[Provided information — start]

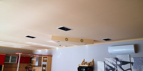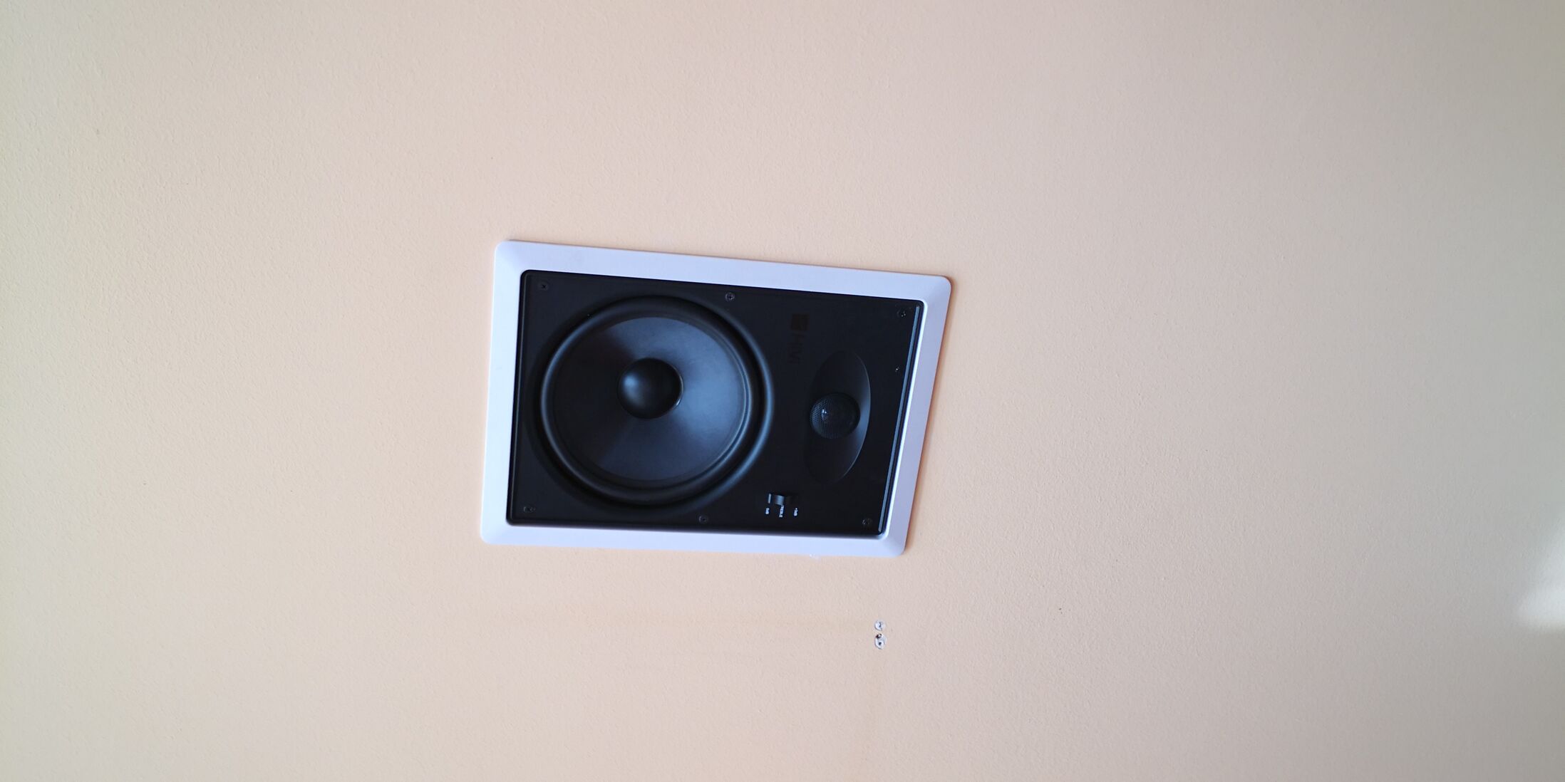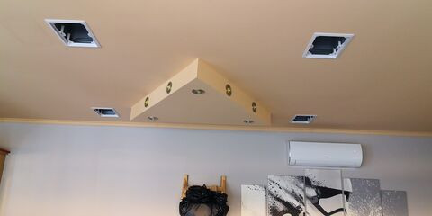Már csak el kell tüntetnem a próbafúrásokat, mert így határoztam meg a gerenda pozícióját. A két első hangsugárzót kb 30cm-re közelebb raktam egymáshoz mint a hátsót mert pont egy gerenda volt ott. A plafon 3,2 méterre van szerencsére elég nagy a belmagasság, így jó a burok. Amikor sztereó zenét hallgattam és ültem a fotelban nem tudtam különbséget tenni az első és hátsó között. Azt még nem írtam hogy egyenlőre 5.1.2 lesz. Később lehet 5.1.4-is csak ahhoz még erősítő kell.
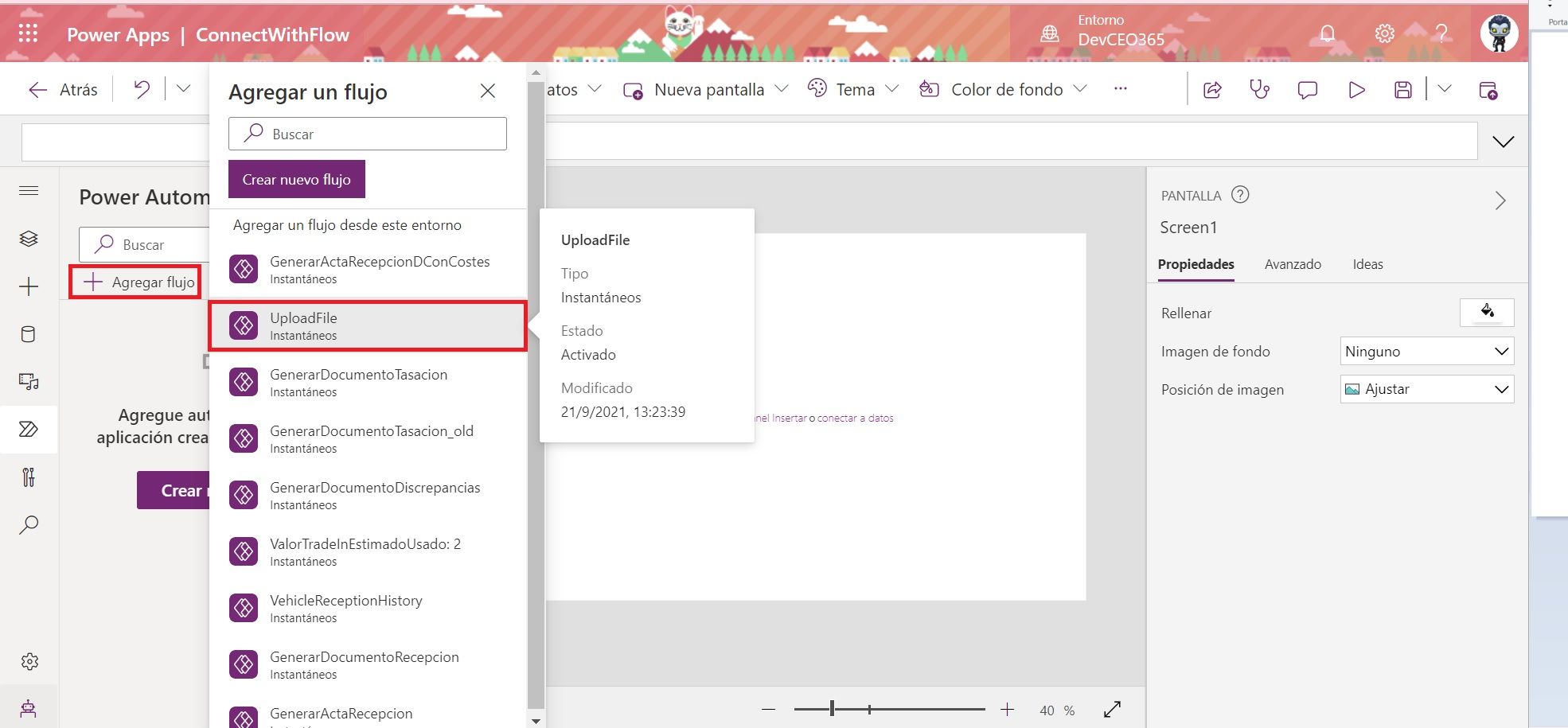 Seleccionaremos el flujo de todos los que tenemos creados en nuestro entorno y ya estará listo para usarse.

[Provided information — finish]
[Provided information — start]

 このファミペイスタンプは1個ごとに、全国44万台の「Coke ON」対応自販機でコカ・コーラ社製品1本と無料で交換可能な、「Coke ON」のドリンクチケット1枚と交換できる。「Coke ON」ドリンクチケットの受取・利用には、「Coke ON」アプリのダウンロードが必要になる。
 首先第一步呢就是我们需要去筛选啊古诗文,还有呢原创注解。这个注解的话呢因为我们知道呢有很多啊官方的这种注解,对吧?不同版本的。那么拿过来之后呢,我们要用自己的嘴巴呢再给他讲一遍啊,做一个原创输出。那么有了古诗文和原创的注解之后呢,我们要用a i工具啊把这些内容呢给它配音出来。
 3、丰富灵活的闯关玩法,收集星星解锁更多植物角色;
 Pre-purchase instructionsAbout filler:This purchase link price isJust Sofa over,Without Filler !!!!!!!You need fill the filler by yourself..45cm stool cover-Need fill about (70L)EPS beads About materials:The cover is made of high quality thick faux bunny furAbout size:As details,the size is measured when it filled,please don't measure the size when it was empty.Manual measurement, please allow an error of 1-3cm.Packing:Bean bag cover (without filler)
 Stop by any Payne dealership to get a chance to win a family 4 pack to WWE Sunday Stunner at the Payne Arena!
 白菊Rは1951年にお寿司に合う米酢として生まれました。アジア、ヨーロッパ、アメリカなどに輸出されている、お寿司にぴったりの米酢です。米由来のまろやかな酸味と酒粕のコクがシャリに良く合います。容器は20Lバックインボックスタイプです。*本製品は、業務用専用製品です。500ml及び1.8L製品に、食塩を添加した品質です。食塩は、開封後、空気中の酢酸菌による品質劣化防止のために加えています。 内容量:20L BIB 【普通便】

[Provided information — finish]

Description of the task: When you reach the line holding "首先第一步呢就是我们需要去筛" in the records above, begin reproducing exactly, stop after the line holding "3、丰富灵活的闯关玩法,收集星星解锁更多植物角色;", and output nothing else.

Answer to the exercise:
 首先第一步呢就是我们需要去筛选啊古诗文,还有呢原创注解。这个注解的话呢因为我们知道呢有很多啊官方的这种注解,对吧?不同版本的。那么拿过来之后呢,我们要用自己的嘴巴呢再给他讲一遍啊,做一个原创输出。那么有了古诗文和原创的注解之后呢,我们要用a i工具啊把这些内容呢给它配音出来。
 3、丰富灵活的闯关玩法,收集星星解锁更多植物角色;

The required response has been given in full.